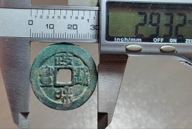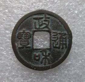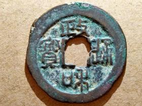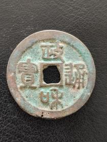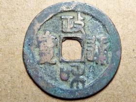 政和通宝小平篆书,狭政阔和,八级币,尺寸24左右(20250501#3,声音好,字口不错,有被洗过的,“和”字下边有铸缺磕缺,状态品相丑了低价,介意慎拍。)
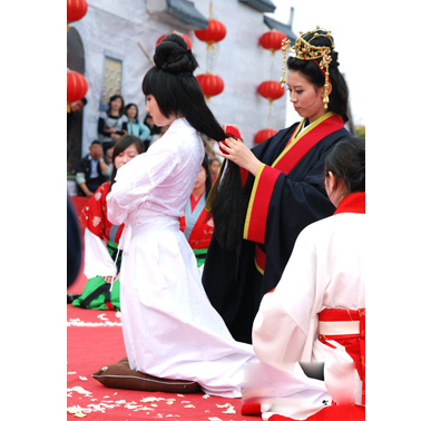 古代也有“妇女节” 女孩戴石榴花佩五彩丝线
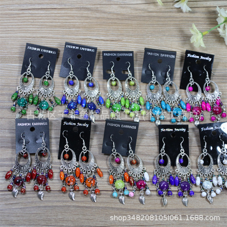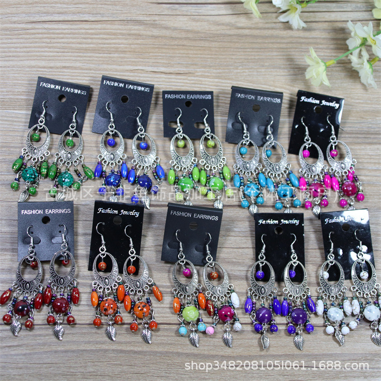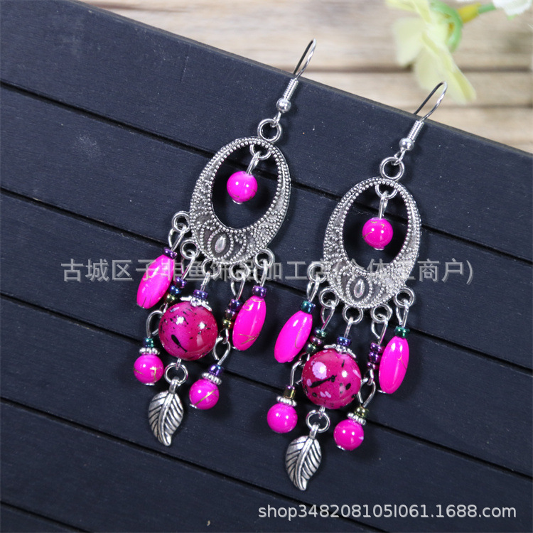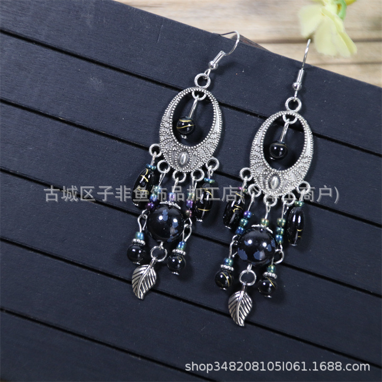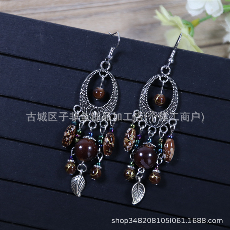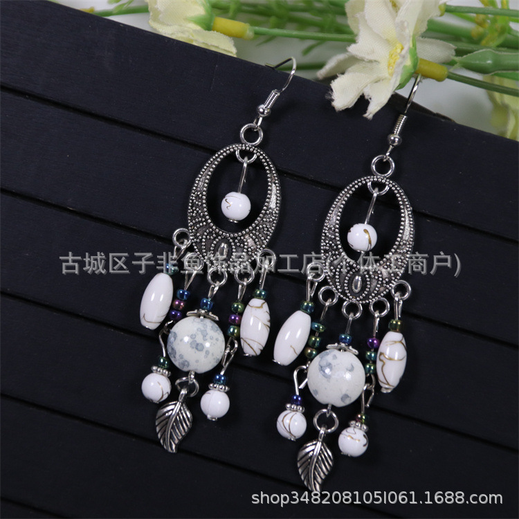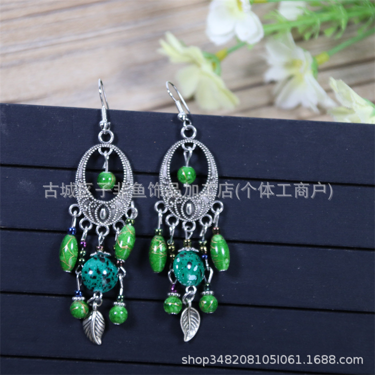 New Retro Earrings Long Ethnic Style National Style Earrings Exaggerated Bohemian Pendant Xizang Ancient Style Earrings
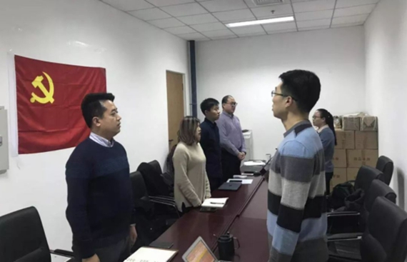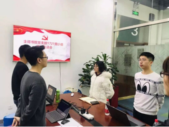 党支部在沙河主楼409开展了党支部大会。党支部书记孙泽斌同志首先带领第二批入党的党员同志进行宣誓,各位党员高举右手,面对鲜红的党旗铿锵有力地发出了自己的铮铮誓言。
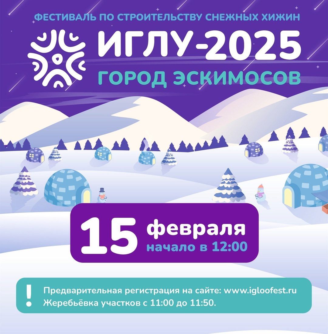 Фестиваль «Иглу–2025. Город эскимосов» пройдет 15 февраля на территории Новосибирского водохранилища в микрорайоне ОбьГЭС. В течение нескольких часов команды будут возводить снежные хижины, украшать их, а также смогут поучаствовать в культурной программе.
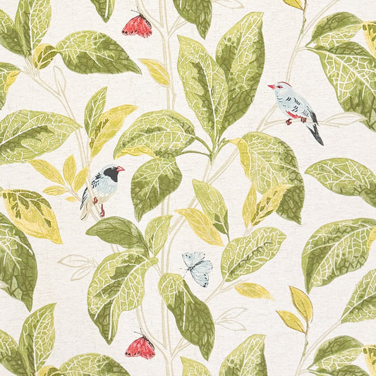 Nappe jacquard en coton enduit antitache INGREZ Jungle Birds carrée ronde ovale
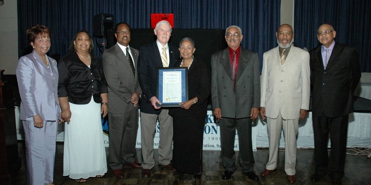 Pictured, from left to right, are: committee members Patricia Hill Williams, Ruby Hudson, Howard Randolph, Senator Johnson, President Alice T. Cone, Chesteau H. Howard, John Norris and Gala Chairman Jordan Wilson.
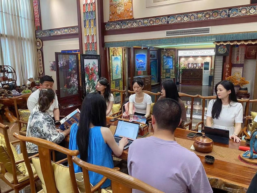 本次研学实践活动中拉孟绘画艺术交流中心的工作人员为我院师生介绍了目前全国在《格萨尔》文化保护方面取得的成果、该艺术交流中心近年来在传承、创作、传播以格萨尔史诗为题材的唐卡方面取得的成就、详细介绍了所创作的唐卡作品中格萨尔人物形象与传递的精神内涵、拉孟绘画艺术交流中心学员传习制度以及学员规章管理制度。我院师生就“传承《格萨尔》文化,建设中华民族现代文明”为主旨对《格萨尔》的时代内涵与现实意义,以及以格萨尔史诗为题材的唐卡作品传递出得艺术美学价值等展开了深入的探讨。
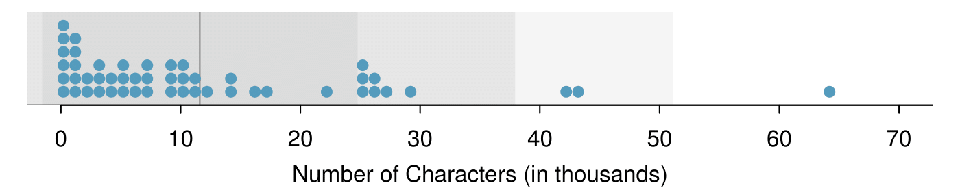Figure2.2.10.In the num_char data, 40 of the 50 emails (80%) are within 1 standard deviation of the mean, and 47 of the 50 emails (94%) are within 2 standard deviations. The empirical rule does not hold well for skewed data, as shown in this example.
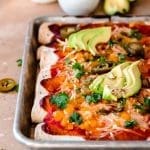 Verdeel de overige enchilada saus over de tortilla’s, verdeel dan de blokjes cheddar en de grated mozzarella naar smaak.
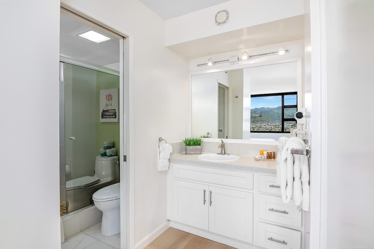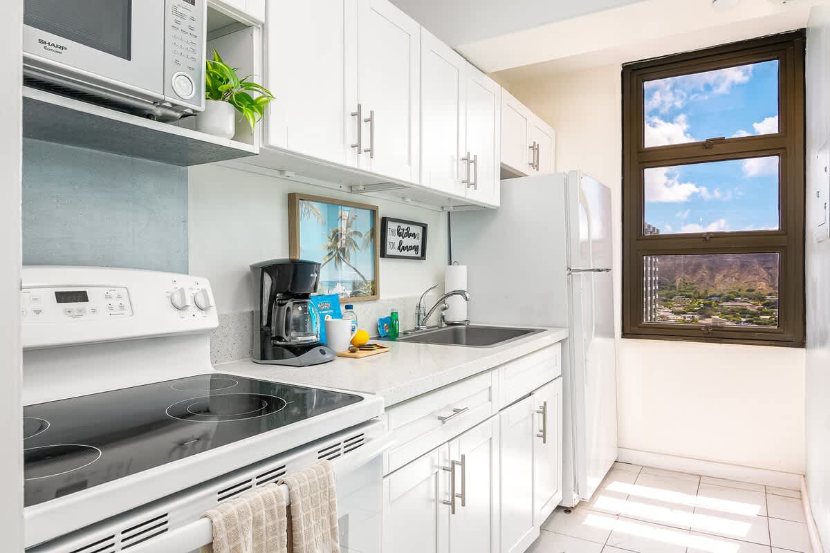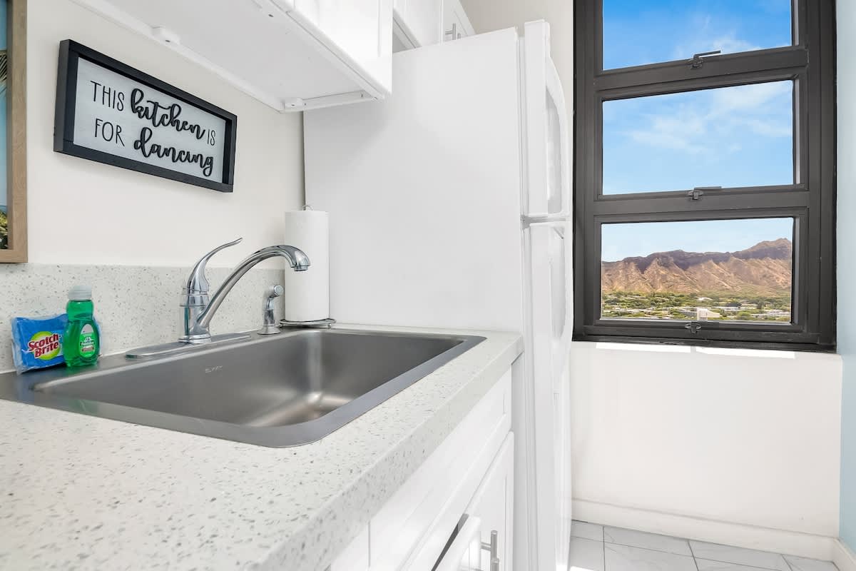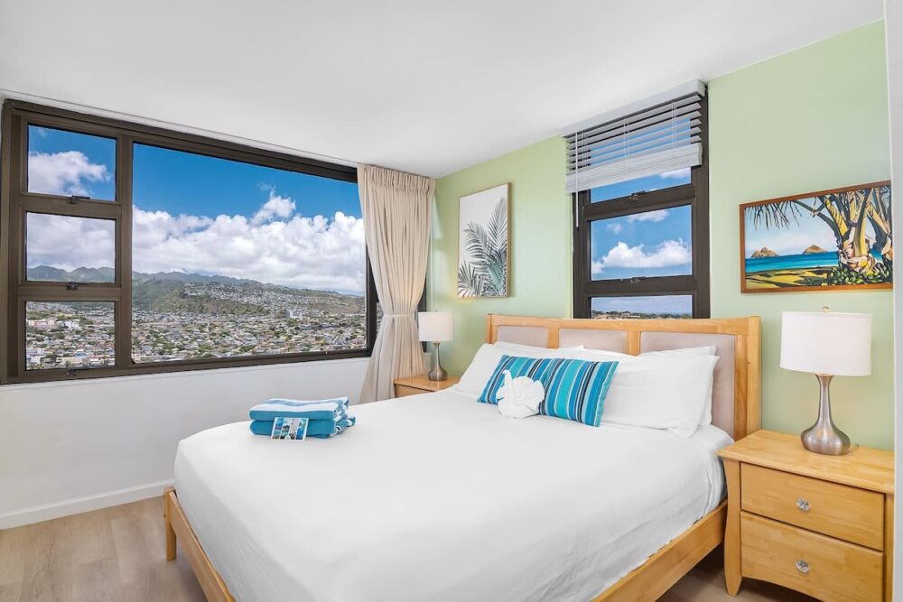 Elevate your vacation in this exceptionally private and quiet condo that offers unobstructed views of the majestic mountains and the vibrant cityscape of Honolulu. Additionally, the sparkling Pacific Ocean and iconic Diamond Head can be seen from the kitchen window.
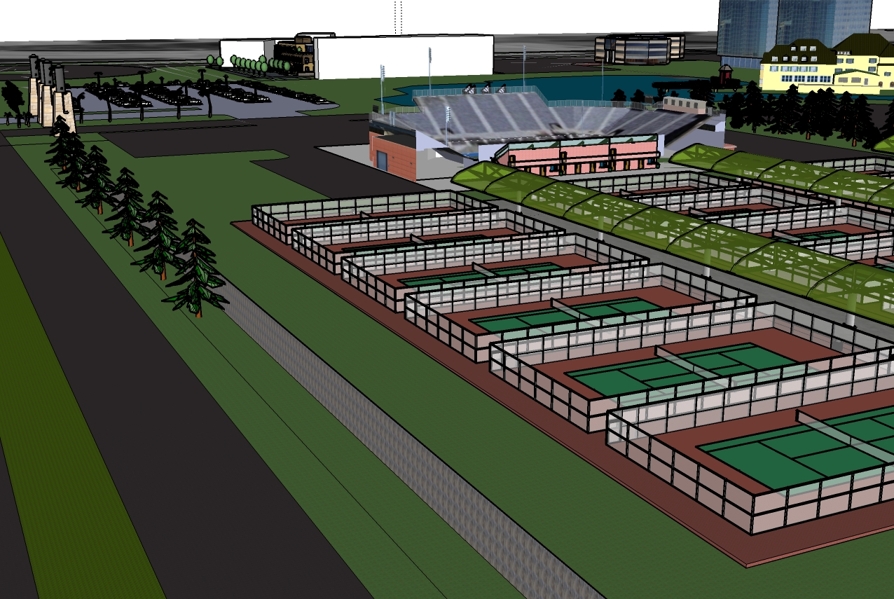 functionalism exterior shot outdoor tennis center and tennis arena lush green grass architecture
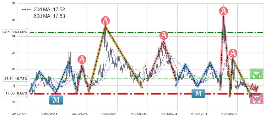 ♘ 阻力价格位24.50,可信任强度58.74%,距离最后交易2022-08-12形成的收盘价格17.13相差 +43.00%
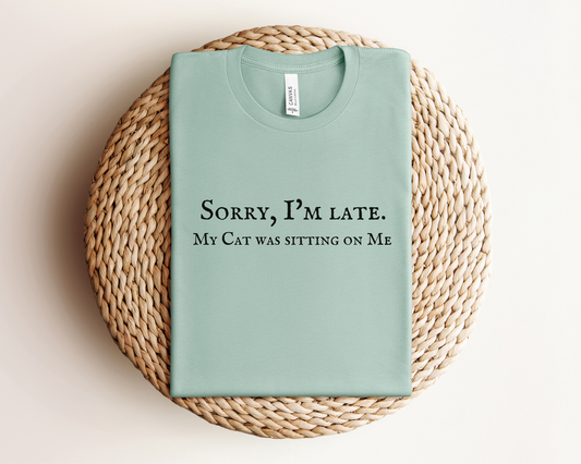 Regular price $19.99 USDRegular priceUnit price perSale price $19.99 USDSorry I’m Late. My Cat Was Sitting On Me Crewneck T-shirt, Dusty Blue
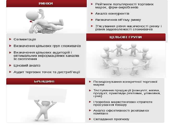 • • • Ви хочете збільшити свою ринкову частку? Ви хочете вивести свою продукцію на нові ринки? Ви хочете збільшити прибуток компанії? Ви хочете вивести новий продукт на ринок? У вас різко впали обсяги продажів, і ви не знаєте в чому причина? • Ви хочете відкрити магазин, салон краси, інший об'єкт і Вам необхідно оцінити привабливість об'єкта з точки зору вкладання інвестицій? • Вам потрібно оцінити найбільш привабливі ринки збуту? • Ви хочете довідатися хто Ваші прямі чи непрямі конкуренти?

**Aim of the exercise**
Although the records contain pictures, print only the rest, exactly as written.

**Response**
 政和通宝小平篆书,狭政阔和,八级币,尺寸24左右(20250501#3,声音好,字口不错,有被洗过的,“和”字下边有铸缺磕缺,状态品相丑了低价,介意慎拍。)
 古代也有“妇女节” 女孩戴石榴花佩五彩丝线
 New Retro Earrings Long Ethnic Style National Style Earrings Exaggerated Bohemian Pendant Xizang Ancient Style Earrings
 党支部在沙河主楼409开展了党支部大会。党支部书记孙泽斌同志首先带领第二批入党的党员同志进行宣誓,各位党员高举右手,面对鲜红的党旗铿锵有力地发出了自己的铮铮誓言。
 Фестиваль «Иглу–2025. Город эскимосов» пройдет 15 февраля на территории Новосибирского водохранилища в микрорайоне ОбьГЭС. В течение нескольких часов команды будут возводить снежные хижины, украшать их, а также смогут поучаствовать в культурной программе.
 Nappe jacquard en coton enduit antitache INGREZ Jungle Birds carrée ronde ovale
 Pictured, from left to right, are: committee members Patricia Hill Williams, Ruby Hudson, Howard Randolph, Senator Johnson, President Alice T. Cone, Chesteau H. Howard, John Norris and Gala Chairman Jordan Wilson.
 本次研学实践活动中拉孟绘画艺术交流中心的工作人员为我院师生介绍了目前全国在《格萨尔》文化保护方面取得的成果、该艺术交流中心近年来在传承、创作、传播以格萨尔史诗为题材的唐卡方面取得的成就、详细介绍了所创作的唐卡作品中格萨尔人物形象与传递的精神内涵、拉孟绘画艺术交流中心学员传习制度以及学员规章管理制度。我院师生就“传承《格萨尔》文化,建设中华民族现代文明”为主旨对《格萨尔》的时代内涵与现实意义,以及以格萨尔史诗为题材的唐卡作品传递出得艺术美学价值等展开了深入的探讨。
Figure2.2.10.In the num_char data, 40 of the 50 emails (80%) are within 1 standard deviation of the mean, and 47 of the 50 emails (94%) are within 2 standard deviations. The empirical rule does not hold well for skewed data, as shown in this example.
 Verdeel de overige enchilada saus over de tortilla’s, verdeel dan de blokjes cheddar en de grated mozzarella naar smaak.
 Elevate your vacation in this exceptionally private and quiet condo that offers unobstructed views of the majestic mountains and the vibrant cityscape of Honolulu. Additionally, the sparkling Pacific Ocean and iconic Diamond Head can be seen from the kitchen window.
 functionalism exterior shot outdoor tennis center and tennis arena lush green grass architecture
 ♘ 阻力价格位24.50,可信任强度58.74%,距离最后交易2022-08-12形成的收盘价格17.13相差 +43.00%
 Regular price $19.99 USDRegular priceUnit price perSale price $19.99 USDSorry I’m Late. My Cat Was Sitting On Me Crewneck T-shirt, Dusty Blue
 • • • Ви хочете збільшити свою ринкову частку? Ви хочете вивести свою продукцію на нові ринки? Ви хочете збільшити прибуток компанії? Ви хочете вивести новий продукт на ринок? У вас різко впали обсяги продажів, і ви не знаєте в чому причина? • Ви хочете відкрити магазин, салон краси, інший об'єкт і Вам необхідно оцінити привабливість об'єкта з точки зору вкладання інвестицій? • Вам потрібно оцінити найбільш привабливі ринки збуту? • Ви хочете довідатися хто Ваші прямі чи непрямі конкуренти?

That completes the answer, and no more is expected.